Here you go, try this link, all you questions will be answered 

http://uboat.net/


----------



## Duncan112 (Dec 28, 2006)

WWII U boats also used MWM engines, later used as alternator engines on German built merchant ships


----------



## chadburn (Jun 2, 2008)

If I remember correctly there use to be two Coaster's that would pass Smith's when I was an Apprentice in the 1950's, Gertrude and Otrude Mueller? which apparently had former U Boat engine's in them. T.C. may have been the Pilot.


----------



## Peter Short (Apr 13, 2008)

Can I recommend an excellent book: *Diesels for the First Stealth Weapon: Submarine Power 1902-1945* by Lyle ***mins. This massive book (756 pages) deals only with submarine diesel engines and is written by a very knowledgeable engine historian, so lots of good stuff.

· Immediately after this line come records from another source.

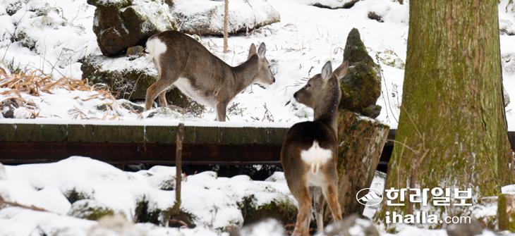 20일 제주시 봉개동 절물자연휴양림에 노루 두마리가 눈밭을 돌아다니며 먹이를 찾고있다. 이상국기자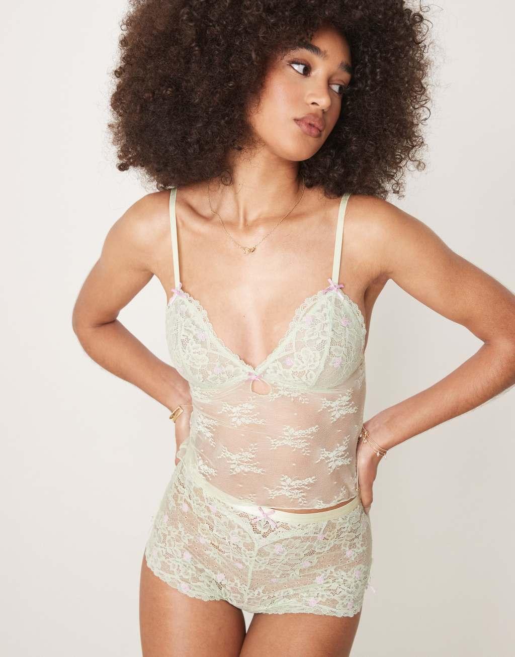 Lingerie & Nightwear by ASOS DESIGN Includes a cami top and a pair of briefs V-neck cami top Triangle cups Adjustable straps Pull-on style Matching briefs High rise Elasticized waistband Flower and bow details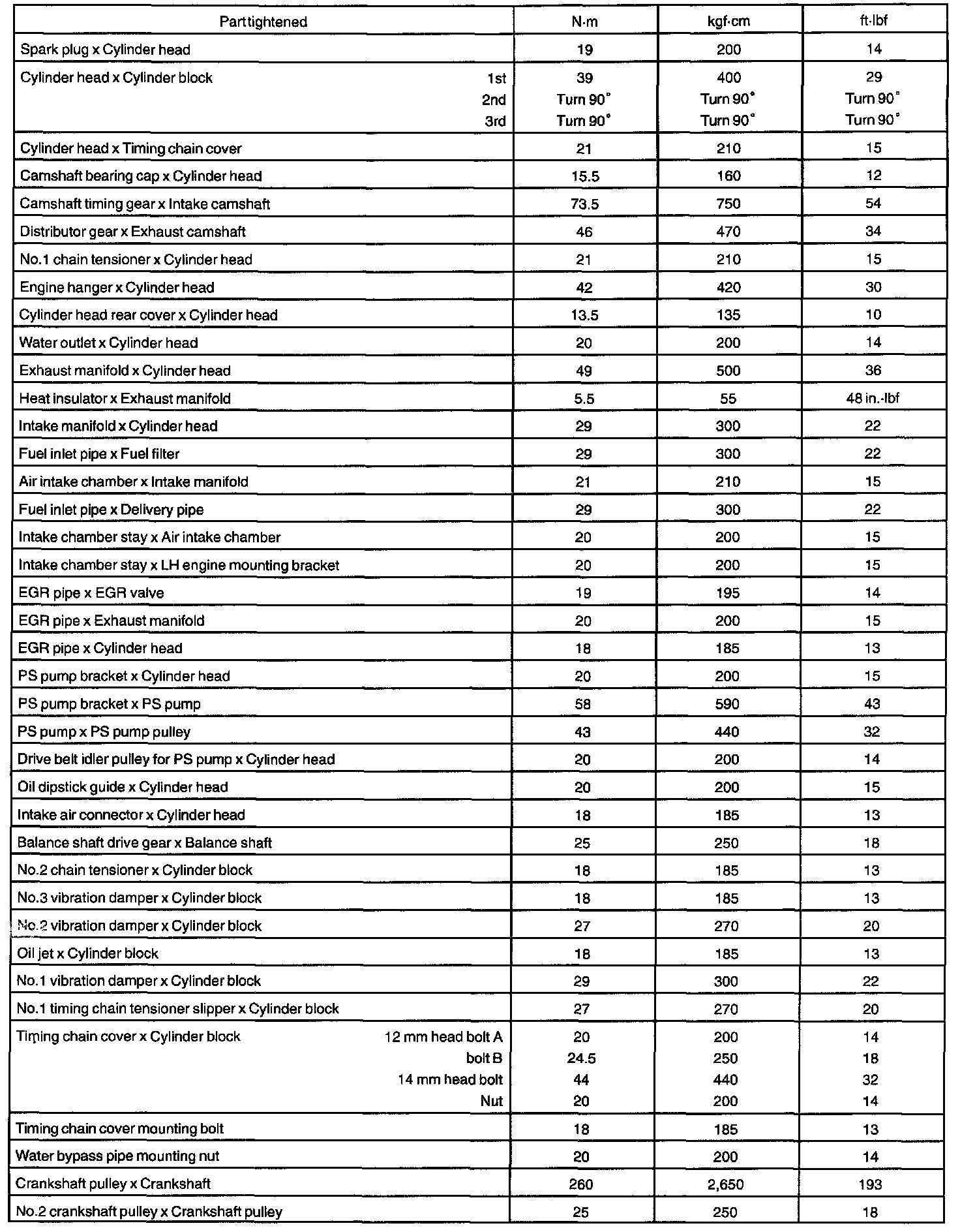 Engine Torque and Service Data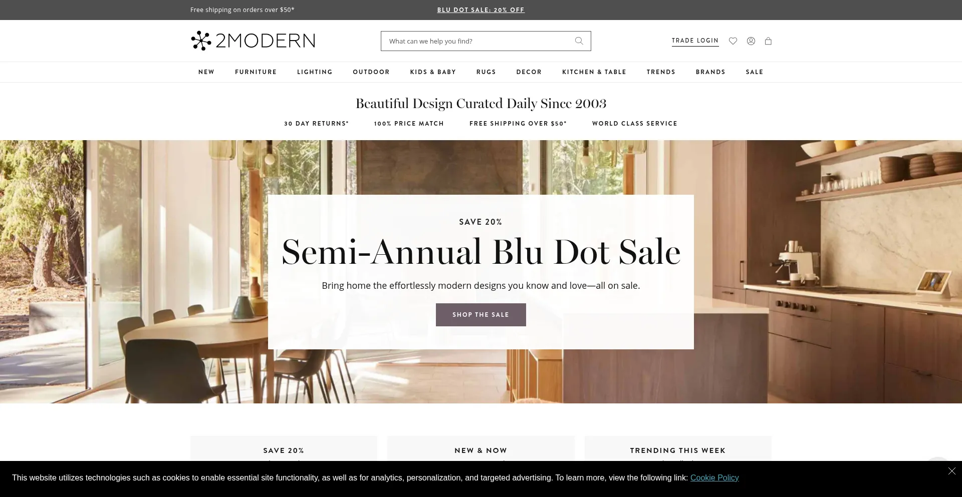 The website implements cookie consent mechanisms in compliance with privacy regulations such as GDPR or CCPA. This demonstrates that 2modern.com adheres to data protection standards and provides users with control over personal data collection practices.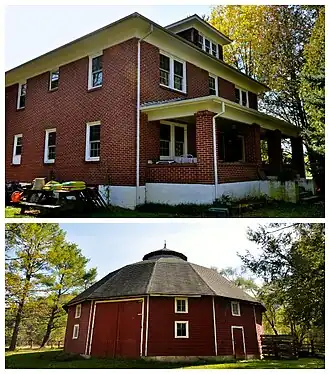 Blankenship Farm is a historic home and barn located near Ellett, Montgomery County, Virginia. The farmhouse was built around 1929, and is a three-bay, two-story, brick, hipped roofed, American Foursquare-style dwelling. In addition to the farmhouse, there is a contributing fourteen-sided frame barn on a poured concrete foundation. It has a concrete floor and is sided with German or novelty weatherboard.[3]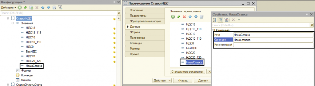 Далее необходимо задать значение НашаСтавка. Мы видим, что оно появилось в списке. Таким образом можно ввести новые ставки НДС.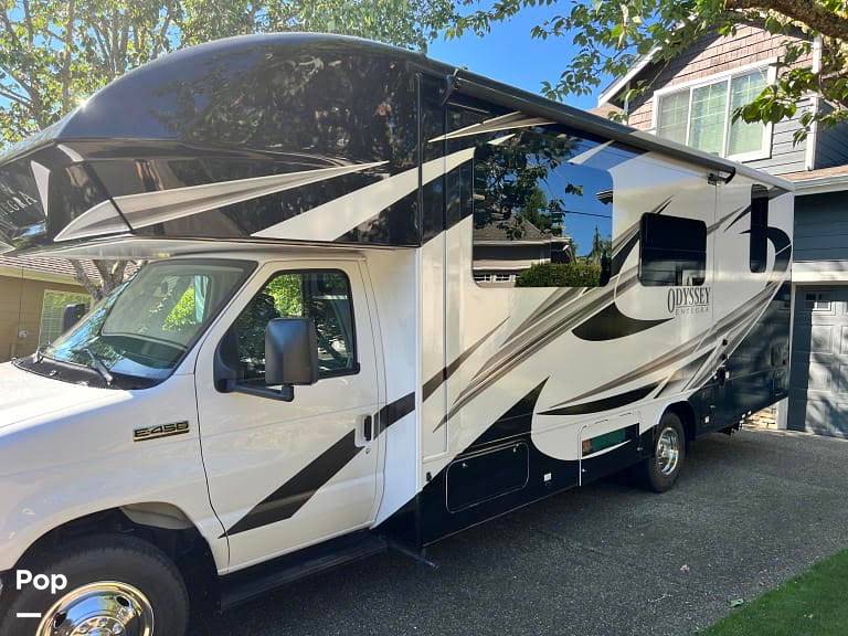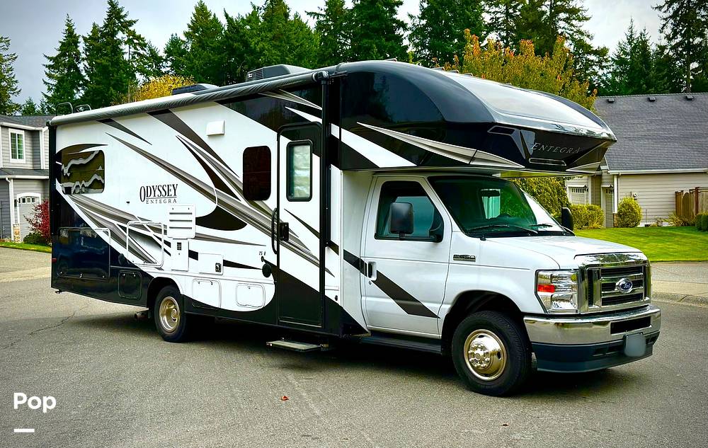 The Entegra Coach Odyssey 25R is not just about comfort; it's also about convenience and reliability. With ample storage space, both inside and out, you can bring along all your essentials and more. The RV is equipped with a powerful engine and advanced safety features, giving you peace of mind as you embark on your journey. Whether you're planning a weekend getaway or an extended road trip, this RV is ready to make your travel dreams a reality. Don't miss out on the opportunity to own this fantastic vehicle—your next adventure awaits!

A few bits from this book:

During WW1, German sub engines were built by: M.A.N. Augsburg, Krupp Germaniawerft, Korting, Daimler, Benz, A.E.G.

M.A.N. Augsburg and their licensees AG Vulcan and Blohm & Voss built around 50% of all the engines used (all four stroke, eight different models, 250-3,000 bhp). M.A.N. Augs. built 416 engines up to Nov 1918.

Korting built 115 engines, Krupp GW built 69, Daimler 64, Benz 72, etc.

During WW2, engines were built by M.A.N., MWM, Krupp-GW, and Mercedes. The experimental submarines with Walter turbines also had Deutz diesels for surface use.

Bussing truck diesels were used in midget submarines.

Krupp-GW (1,360 engines) and M.A.N. were the most important builders during WW2 with MWM third in importance. Until 1943 most were four stroke, directly reversible engines with Bosch solid injection. During the war an important licensee of M.A.N. was WUMAG. From 1935 until 1945 about 1,150 submarines entered service.


----------